13. Rest, relax, and wind down
Many sleep specialists will tell you that anxiety is the number one cause of insomnia, so for at least an hour before bed, practice calm activities such as reading a book, taking a bath, writing, knitting, drawing, or meditating. News reports, stimulating television, or suspenseful movies can interfere with a restful night. Another trick is to keep a “worry journal” where you record your biggest concerns for the next day and how you’re going to deal with them, even if it’s just a note to think about it more tomorrow. Gets them off your chest.
14. Drink less liquid
If you have a tendency to need the toilet during the night, avoid drinking one to two hours before bed. While it’s very important to stay well hydrated during the day and early evening, after about 8:00 p.m., you should be tapering off. Good, uninterrupted sleep will elude you if you have to get up to go to the bathroom in the middle of the night.
15. Don’t worry about the sleep itself
An interesting bind that people get into is not being able to sleep because they are worrying about their inability to sleep. There is a certain perverse wish fulfillment going on here. Instead of thinking about something else, or even about the joy of a good night’s sleep, you think about the horrors of continued insomnia. You can overcome this with positive thinking, deep breathing, and letting go.

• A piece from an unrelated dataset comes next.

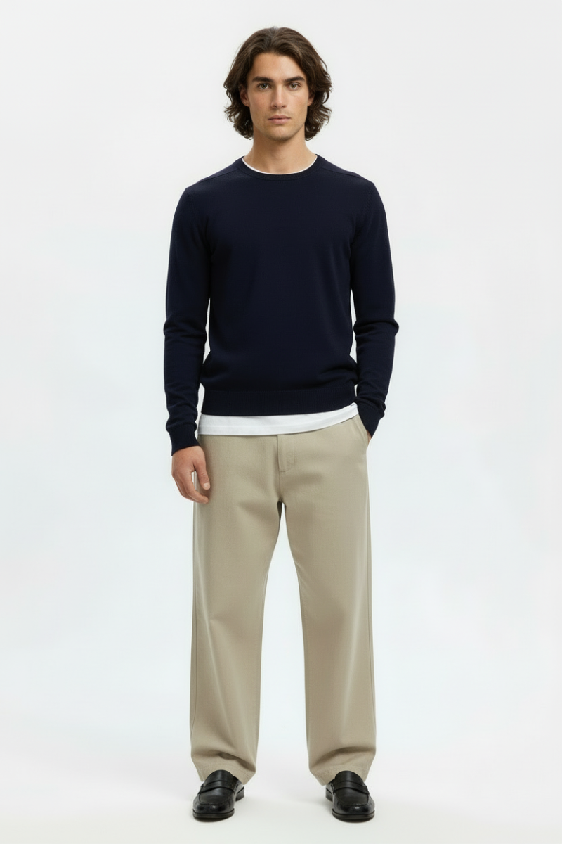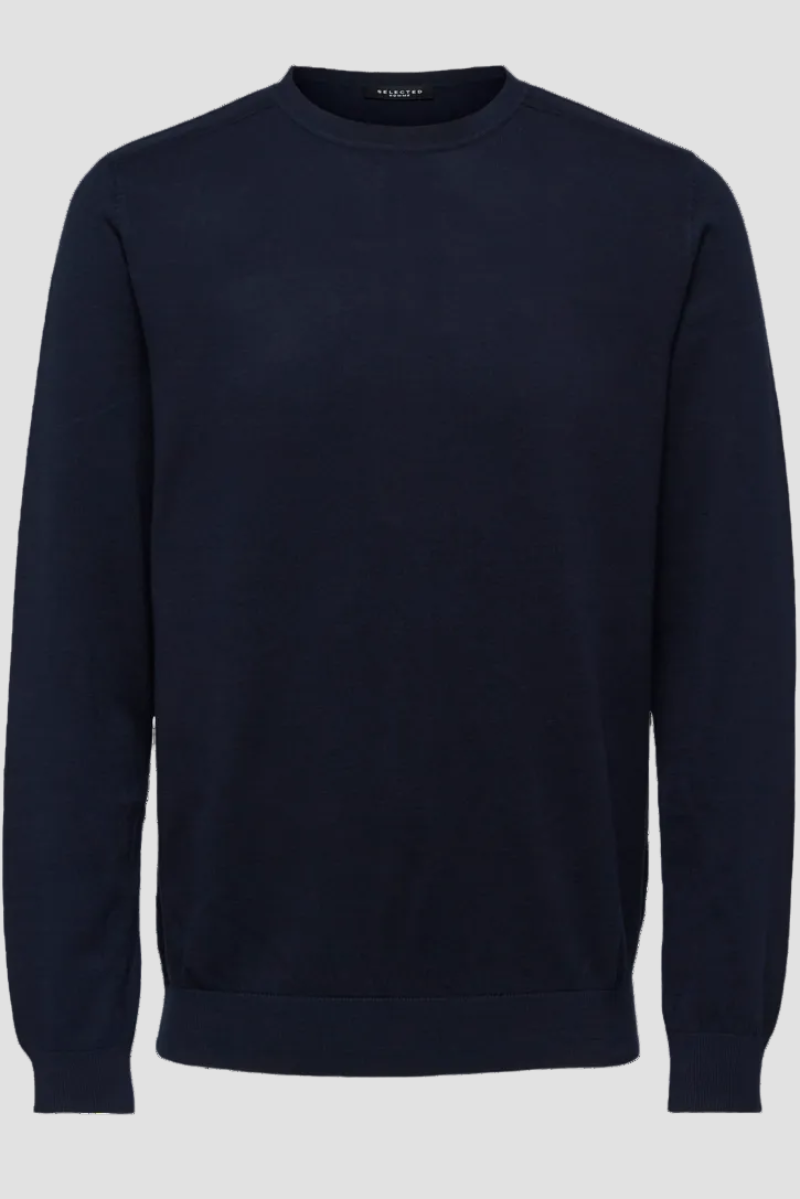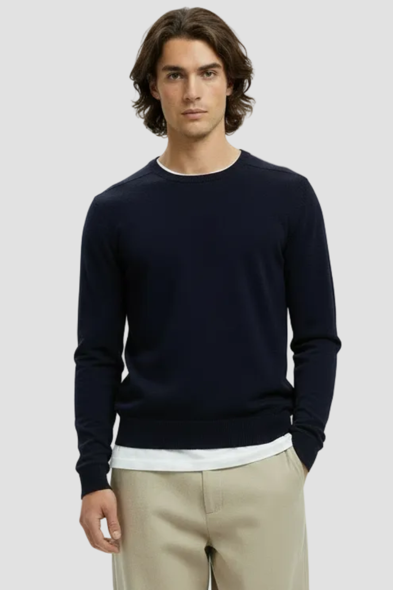 This regular fit pullover features a round neck and long sleeves with ribbed cuffs, making it a timeless and comfortable choice for your everyday wardrobe. Its dark navy melange color adds subtle detail to a classic knit style. Crafted from a blend of 50% cotton and 50% organic cotton, it offers both softness and sustainability.

Or you can read a book for a while to take your mind off things. (You’ll feel better anyway that you’re learning something instead of stewing in the dark.)
16. If you can’t get enough, take a nap
According to one study, a group of pilots who slept for six hours or less for seven nights while on duty found that their cortisol (stress hormone) levels increased significantly and stayed elevated for two days. The recommended seven hours of nightly shut-eye allows your body enough time to recover from the day’s stress. When you fall short of the mark, take a nap the next day—Pennsylvania State University researchers found that a midday snooze cut cortisol levels by 50 percent in subjects who’d lost sleep the previous night.
17. Blow the long horn
You know that long horn the Aborigines blow? It’s called the didgeridoo. One Australian study showed that if you blew it for twenty-five minutes a day, six days a week, it would improve sleep apnea symptoms. It has something to do with strengthening the muscles around the airways.